> _Task description_: Produce a faithful copy of the data, one that leaves out the pictures.

> _Supplied data_:
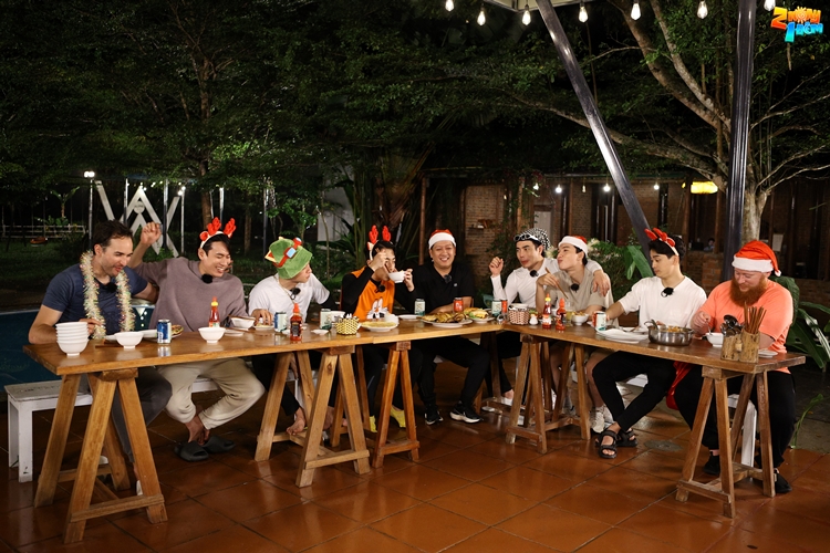 Trong đêm đại tiệc Giáng sinh – tập 22, gia đình 2 Ngày 1 Đêm đã có một bữa tiệc ấm áp và vui vẻ bên nhau, thưởng thức những món ăn vô cùng đa dạng, phong phú đến từ 3 nền ẩm thực khác nhau trên thế giới được chuẩn bị tỉ mỉ bởi dàn cast và những người bạn khách mời ngoại quốc. Cùng với lời chúc Giáng sinh an lành đến với mọi người, các thành viên đã cùng nhau làm ra những món ăn đại diện cho mỗi bản sắc văn hóa ở từng quốc gia với sự chăm chút, cẩn thận của người nấu. Sau khi các khách mời lần lượt chia sẻ về những điểm đặc trưng trong ngày Giáng sinh tại quê hương của mình thì “anh Già” Trường Giang đã nhận nhiệm vụ điều phối bữa tối. Các khách mời sẽ nấu 3 món ăn khác nhau, với Phúc Mập (Brandon Hurley) là món hamburger đặc trưng của Mỹ, Will Courageux với món crepe ngọt ngào của Pháp và cuối cùng là anh chàng đến từ Hàn Quốc – Jongrak với món canh kim chi. Sau những chia sẻ của Phúc Mập về việc đã lâu không nấu ăn do bị “nóc nhà” cấm vào bếp, Trường Giang vì lo lắng cũng vào hỗ trợ Phúc Mập hoàn thành món ăn, Ngô Kiến Huy sẽ phụ trách các món nướng còn “em Út” nhận nhiệm vụ nướng khoai, Kiều Minh Tuấn cũng háo hức thử sức làm bánh crepe, duy chỉ có cặp đôi Dương Lâm – Cris Phan âm mưu tách đoàn diễn tiểu phẩm.
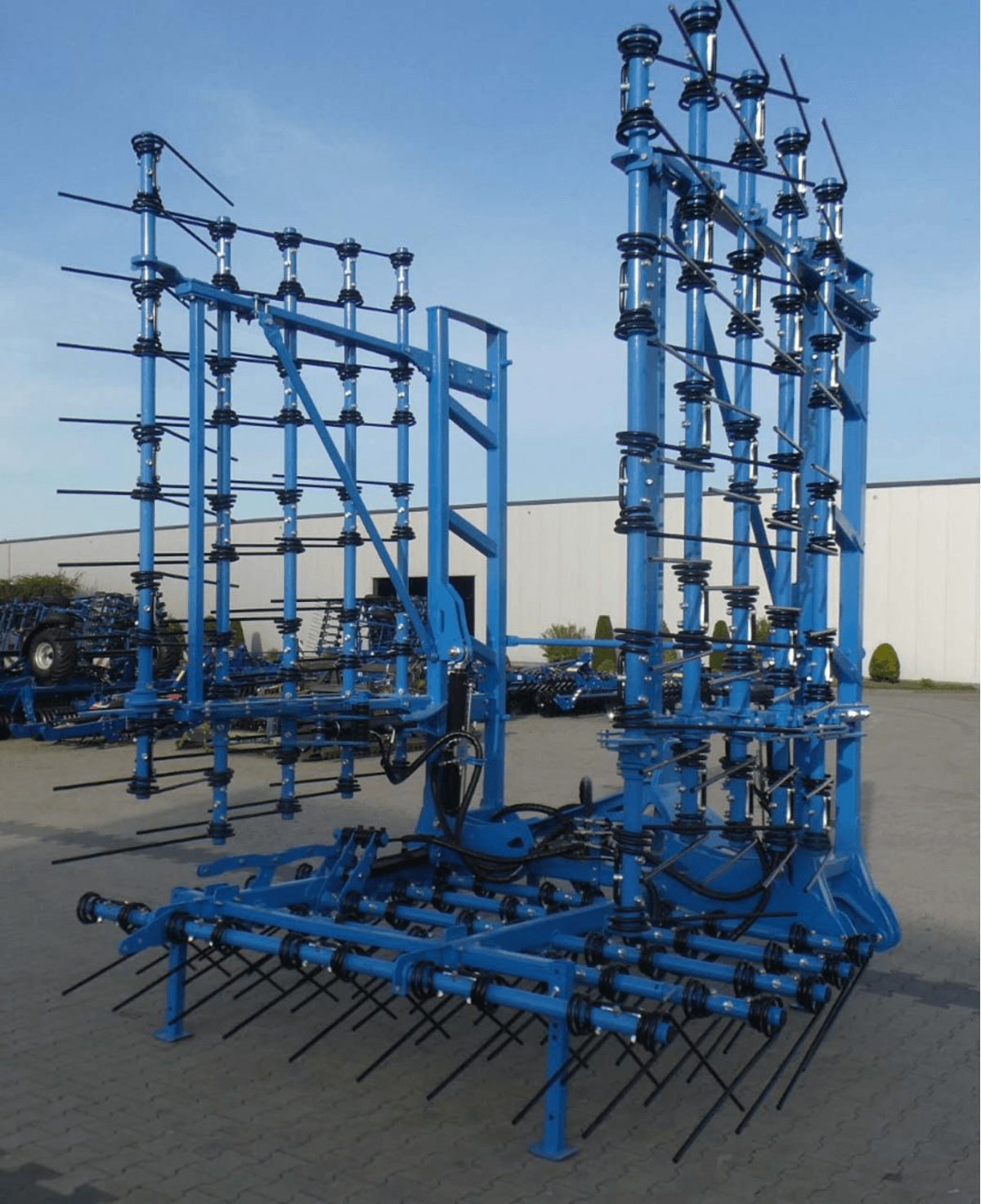 La gamme de herses à paille est composée de 3 modèles de largeurs de travail différentes, équipés d’un attelage 3 points cat II et III, 5 rangées de dents de 16 mm de Ø avec des dents de 750 mm à terrage hydraulique. Vitesse de travail jusqu’à 25 km/h. Choix d’équipements en options pour chaque utilisateur. La puissance nécessaire va de 90 à 180 cv en fonction du modèle.
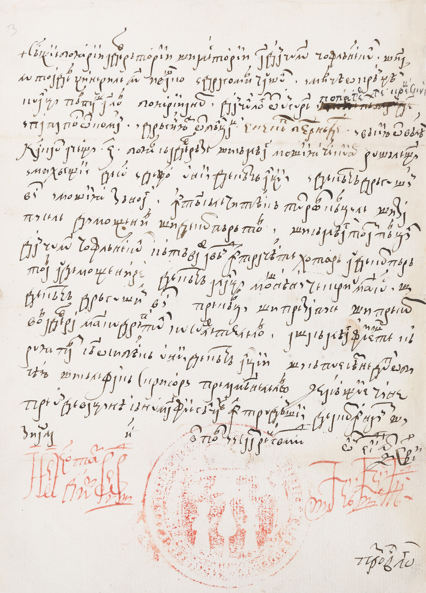 ”† Să să ştie boiarii adeverâtori şi alegătorii ai Danciului Cioflănescul şi ai lui Toader, ginerile lui Ivaşco, i Dragomir ceauşul i Mircea o(t) Crângéni cu alţi părtaşi ai lor, boiarii anume: Danciul logofăt ot Ungureni, popa Gherghe Creţescu i Papa postelnic ot Comani i Drăghici iuzbaşa ot Bălţăţi, Ene căpitan Berindei i Văsiiu ot Băléni, ca să caute aceşti 6 boiari să adeveréze şi să aleagă moşiia ce să chiiamă Ruşăteştii i Mihăeştii de Sus i de Jos, unii de cătră alţii i dă cătră Drăguşin vistier i moşiia Zănoaga. Întâi să le citească tuturor cărţile şi zapisele de moştenire şi de cumpărători şi să aleagă toate părţile Danciului Cioflănescul câtă va fi având într-acéste hotară, au de cumpărătoare au de moştenire, de cătră alalţi moşnéni ce scriu mai sus şi de cătră Drăguşin vistier pre cărţi şi pre zapise. Şi precum vor adevăra mai cu dreptul, cu sufletele lor, aşa să aleagă fieştecăruia parte, să-i osibească unii de cătră alţii şi să puie sémne după obicéiu şi să le facă scrisori pre la mâinéle lor, ca să să ştie cine pre unde va ţinea, să nu mai fie gâlceavă întru dânşii de acum înainte. Şi zioa la (…). Ispravnic (…) vtori portar. I ispravnik, saam reçe gospodstva mi. Octomvrie 15 dni, leat 7212 (1703). † î› K›standin v›ev›dß, milostïü BoÈïü gospodinß. Procit vel logofăt (m.p.)” Documentul hotărăște și adeverește, în baza unor cărți și zapise de moștenire și cumpărătură, stăpânirea lui Danciul Cioflănescul asupra unor părți de moșie din satele Ruşăteştii și Mihăeştii de Sus și de Jos și Zănoaga. Conține intitulația domnească în chinovar. De asemenea, conține sigiliul mijlociu al cancelariei, în chinovar, redactat în limba română, cu alfabet chirilic și slavonă, pe o filă de hârtie in-folio, fără filigran.
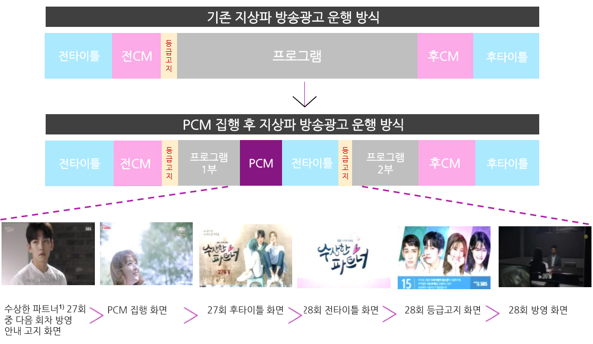 현행법상 지상파는 중간광고를 도입할 수 없음에도 2015년 광고총량제 규제 완화 이후 PCM(Premium Commercial Message)란 이름 아래 ‘꼼수’를 사용해왔다. 특히 올해 들어선 지상파 3사 모두 예능 프로그램은 물론 드라마까지 쪼개는 식으로 유사 중간광고에 공격적으로 나서고 있다. ▷관련기사: 지상파 중간광고, 제도 보다 앞서 시행?

> _Response for this exercise_:
 Trong đêm đại tiệc Giáng sinh – tập 22, gia đình 2 Ngày 1 Đêm đã có một bữa tiệc ấm áp và vui vẻ bên nhau, thưởng thức những món ăn vô cùng đa dạng, phong phú đến từ 3 nền ẩm thực khác nhau trên thế giới được chuẩn bị tỉ mỉ bởi dàn cast và những người bạn khách mời ngoại quốc. Cùng với lời chúc Giáng sinh an lành đến với mọi người, các thành viên đã cùng nhau làm ra những món ăn đại diện cho mỗi bản sắc văn hóa ở từng quốc gia với sự chăm chút, cẩn thận của người nấu. Sau khi các khách mời lần lượt chia sẻ về những điểm đặc trưng trong ngày Giáng sinh tại quê hương của mình thì “anh Già” Trường Giang đã nhận nhiệm vụ điều phối bữa tối. Các khách mời sẽ nấu 3 món ăn khác nhau, với Phúc Mập (Brandon Hurley) là món hamburger đặc trưng của Mỹ, Will Courageux với món crepe ngọt ngào của Pháp và cuối cùng là anh chàng đến từ Hàn Quốc – Jongrak với món canh kim chi. Sau những chia sẻ của Phúc Mập về việc đã lâu không nấu ăn do bị “nóc nhà” cấm vào bếp, Trường Giang vì lo lắng cũng vào hỗ trợ Phúc Mập hoàn thành món ăn, Ngô Kiến Huy sẽ phụ trách các món nướng còn “em Út” nhận nhiệm vụ nướng khoai, Kiều Minh Tuấn cũng háo hức thử sức làm bánh crepe, duy chỉ có cặp đôi Dương Lâm – Cris Phan âm mưu tách đoàn diễn tiểu phẩm.
 La gamme de herses à paille est composée de 3 modèles de largeurs de travail différentes, équipés d’un attelage 3 points cat II et III, 5 rangées de dents de 16 mm de Ø avec des dents de 750 mm à terrage hydraulique. Vitesse de travail jusqu’à 25 km/h. Choix d’équipements en options pour chaque utilisateur. La puissance nécessaire va de 90 à 180 cv en fonction du modèle.
 ”† Să să ştie boiarii adeverâtori şi alegătorii ai Danciului Cioflănescul şi ai lui Toader, ginerile lui Ivaşco, i Dragomir ceauşul i Mircea o(t) Crângéni cu alţi părtaşi ai lor, boiarii anume: Danciul logofăt ot Ungureni, popa Gherghe Creţescu i Papa postelnic ot Comani i Drăghici iuzbaşa ot Bălţăţi, Ene căpitan Berindei i Văsiiu ot Băléni, ca să caute aceşti 6 boiari să adeveréze şi să aleagă moşiia ce să chiiamă Ruşăteştii i Mihăeştii de Sus i de Jos, unii de cătră alţii i dă cătră Drăguşin vistier i moşiia Zănoaga. Întâi să le citească tuturor cărţile şi zapisele de moştenire şi de cumpărători şi să aleagă toate părţile Danciului Cioflănescul câtă va fi având într-acéste hotară, au de cumpărătoare au de moştenire, de cătră alalţi moşnéni ce scriu mai sus şi de cătră Drăguşin vistier pre cărţi şi pre zapise. Şi precum vor adevăra mai cu dreptul, cu sufletele lor, aşa să aleagă fieştecăruia parte, să-i osibească unii de cătră alţii şi să puie sémne după obicéiu şi să le facă scrisori pre la mâinéle lor, ca să să ştie cine pre unde va ţinea, să nu mai fie gâlceavă întru dânşii de acum înainte. Şi zioa la (…). Ispravnic (…) vtori portar. I ispravnik, saam reçe gospodstva mi. Octomvrie 15 dni, leat 7212 (1703). † î› K›standin v›ev›dß, milostïü BoÈïü gospodinß. Procit vel logofăt (m.p.)” Documentul hotărăște și adeverește, în baza unor cărți și zapise de moștenire și cumpărătură, stăpânirea lui Danciul Cioflănescul asupra unor părți de moșie din satele Ruşăteştii și Mihăeştii de Sus și de Jos și Zănoaga. Conține intitulația domnească în chinovar. De asemenea, conține sigiliul mijlociu al cancelariei, în chinovar, redactat în limba română, cu alfabet chirilic și slavonă, pe o filă de hârtie in-folio, fără filigran.
 현행법상 지상파는 중간광고를 도입할 수 없음에도 2015년 광고총량제 규제 완화 이후 PCM(Premium Commercial Message)란 이름 아래 ‘꼼수’를 사용해왔다. 특히 올해 들어선 지상파 3사 모두 예능 프로그램은 물론 드라마까지 쪼개는 식으로 유사 중간광고에 공격적으로 나서고 있다. ▷관련기사: 지상파 중간광고, 제도 보다 앞서 시행?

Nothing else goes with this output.